Cass, he’d said, was no threat. She was weak. She was a follower. But Emma, she was trouble. She wanted power and didn’t know her place the way her mother did. He’d suggested that she was aware of her appeal with men and had started to use it. She said Jonathan had used that expression–Lolita.

The plot twist at the end still has me shook. The way Wendy twisted and turned everything made it impossible to see what was coming next. The layers upon layers of manipulation and deceit was so thought out and well executed and I’m always so in awe of authors with that ability. Thought provoking and pulse pounding you won’t regret getting to know Emma In The Night.

Goodreads Synopsis:
One night three years ago, the Tanner sisters disappeared: fifteen-year-old Cass and seventeen-year-old Emma. Three years later, Cass returns, without her sister Emma. Her story is one of kidnapping and betrayal, of a mysterious island where the two were held. But to forensic psychiatrist Dr. Abby Winter, something doesn’t add up. Looking deep within this dysfunctional family Dr. Winter uncovers a life where boundaries were violated and a narcissistic parent held sway. And where one sister’s return might just be the beginning of the crime.
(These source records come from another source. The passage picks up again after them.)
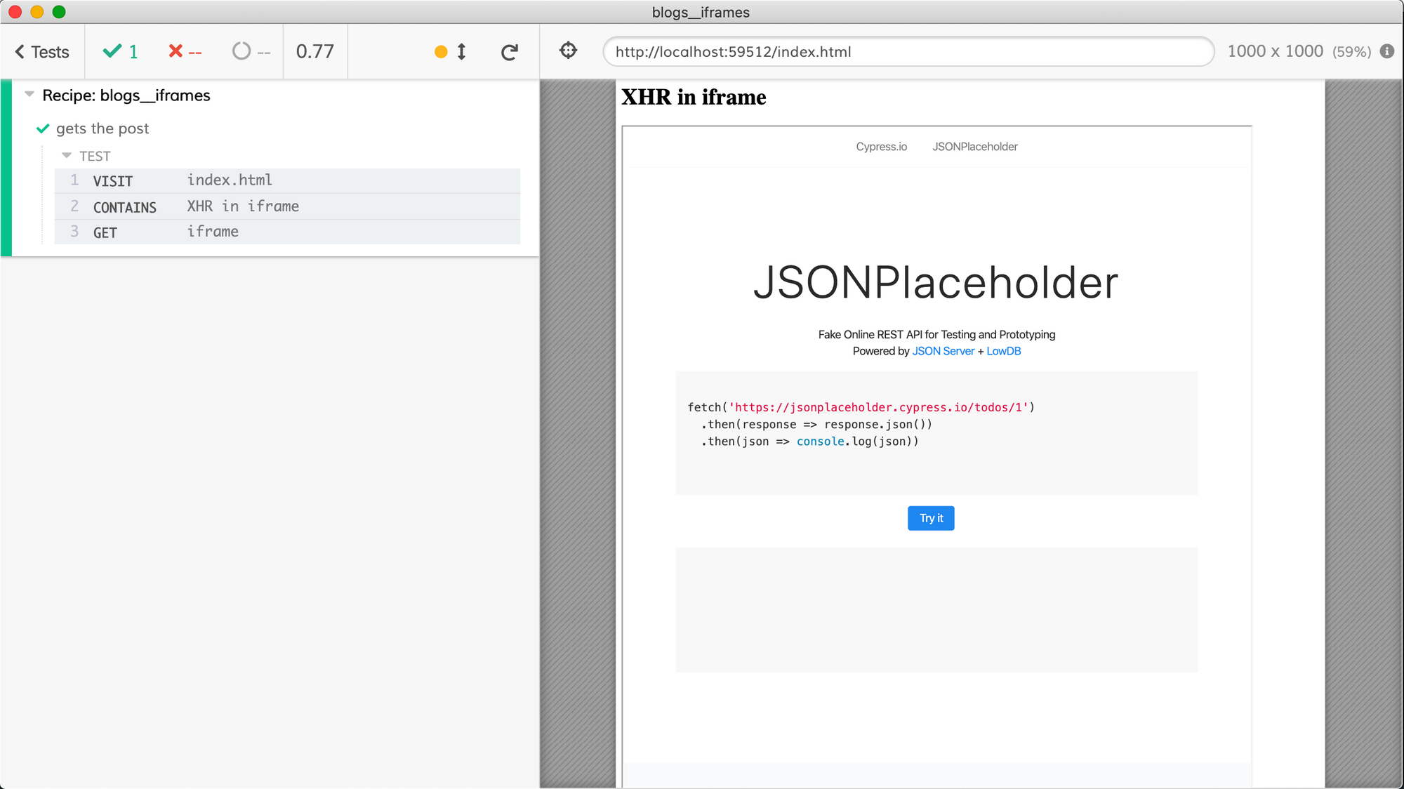 If we manually click the button "Try it", the iframe does indeed fetch the first post.
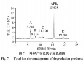 如圖所示7所顯示,AFB1經(jīng)漆酶溶解后檢驗到4個新的色譜儀峰,由峰形和分離度可看得出,各物質(zhì)分離出來實際效果不錯,且由保存期不一樣推斷溶解物質(zhì)不一樣。依據(jù)AFB1和溶解物質(zhì)的保存期分辨5種化學(xué)物質(zhì)的旋光性尺寸為A>B>C>AFB1>D。
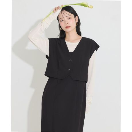 春の上品なコーディネートが決まるセット2点アイテム。コンパクトなベストに軽やかテキスタイルのキャミソールワンピースを合わせました。きれいめデザインながらも、ウエスト部分やバックにゴムを使用することで動きやすくストレスフリーな着心地に。インナーにTシャツを合わせてカジュアルダウンした普段使いに、ブラウスやシアートップを合わせたお呼ばれスタイルにも最適なアイテムです。
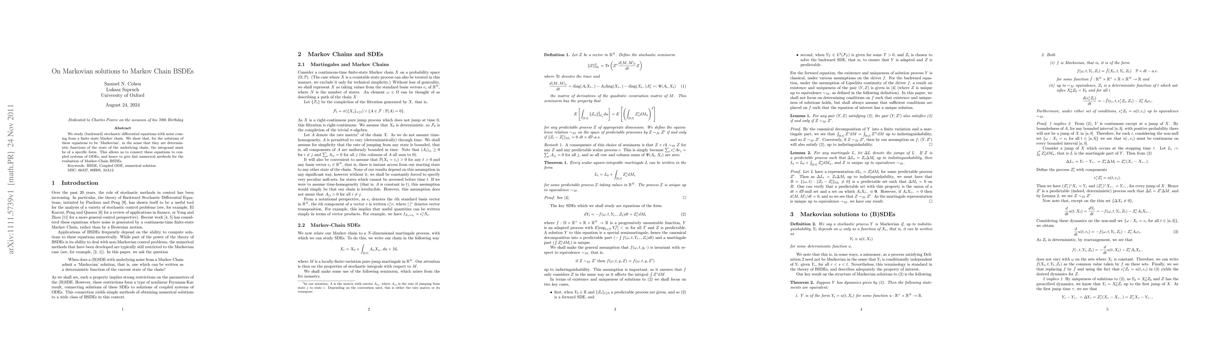 We study (backward) stochastic differential equations with noise coming from a finite state Markov chain. We show that, for the solutions of these equations to be `Markovian', in the sense that they are deterministic functions of the state of the underlying chain, the integrand must be of a specific form. This allows us to connect these equations to coupled systems of ODEs, and hence to give fast numerical methods for the evaluation of Markov-Chain BSDEs.
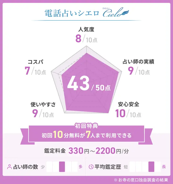 | 電話占いシエロ | 330円〜2,200円/分 | 最大50,000円分無料 | 約17年 | 131名 |
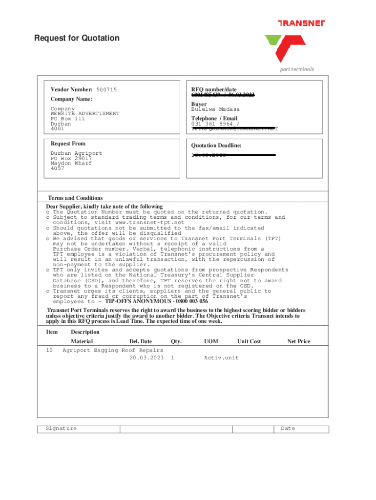 Request for QuotationVendor Number: 500715RFQ number/date 6001485439 / 06.03.2023Company Name:Buyer Bull MadasaCompany WEBSITE ADVERTISEMENT PO Box 111 Durban 4001Telephone / Email 031 361 8964 /
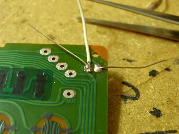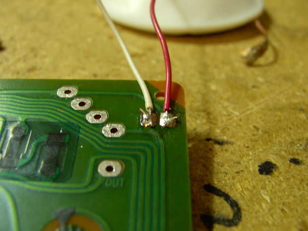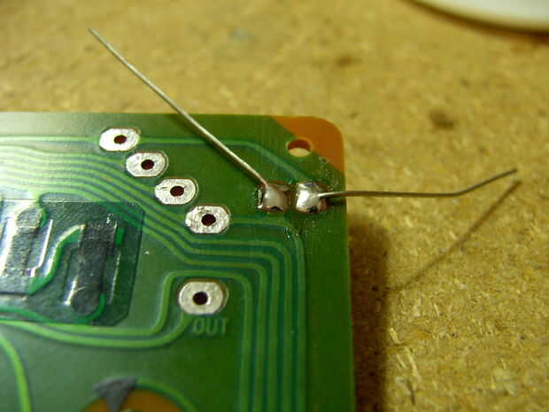Ahora soldar 2 cables de puente a los cojines (que podría haber hecho esto diferentemente pero retrospección es 20/20) para la tierra y + 5v, ahora usted puede cortar los cables del condensador
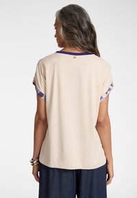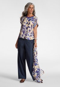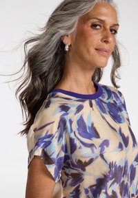 Volwassen vrouw met lang grijs haar, gekleed in een beige top met korte mouwen en paarse bloemenprint, en donkerblauwe broek, voorzien van armbanden.
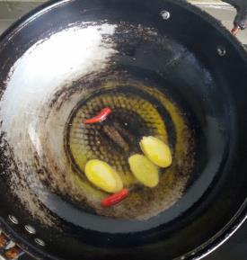 做法:1.锅中放入油,下生姜、辣椒爆香,把鱼倒进去煎

Buy EMMA IN THE NIGHT here:

Amazon | iBooks | B&N | Kobo | Audible


Get to know Wendy Walker:Wendy-Walker-Headshot

Wendy Walker is a former family law attorney in Fairfield County, Connecticut who began writing while at home raising her three sons. She published two novels with St. Martin’s Press and edited multiple compilations for the Chicken Soup for the Soul series before writing her debut psychological thriller, All is Not Forgotten.

Wendy earned her J. D., magna cum laude, at the Georgetown University Law Center where she was awarded  the American Jurisprudence award for her performance in Contracts and Advanced Criminal Procedure.  She received her undergraduate degree, magna cum laude, from Brown University and attended The London School of Economics and Political Science as part of her undergraduate studies.

Prior to her legal career, Wendy was a financial analyst at Goldman, Sachs & Co., in the mergers and acquisitions group. She has also volunteered at the ACLU, Connecticut Legal Services and Figure Skating in Harlem where she served on the Board of Directors for over twelve years.

Wendy is currently writing her third thriller while managing a busy household.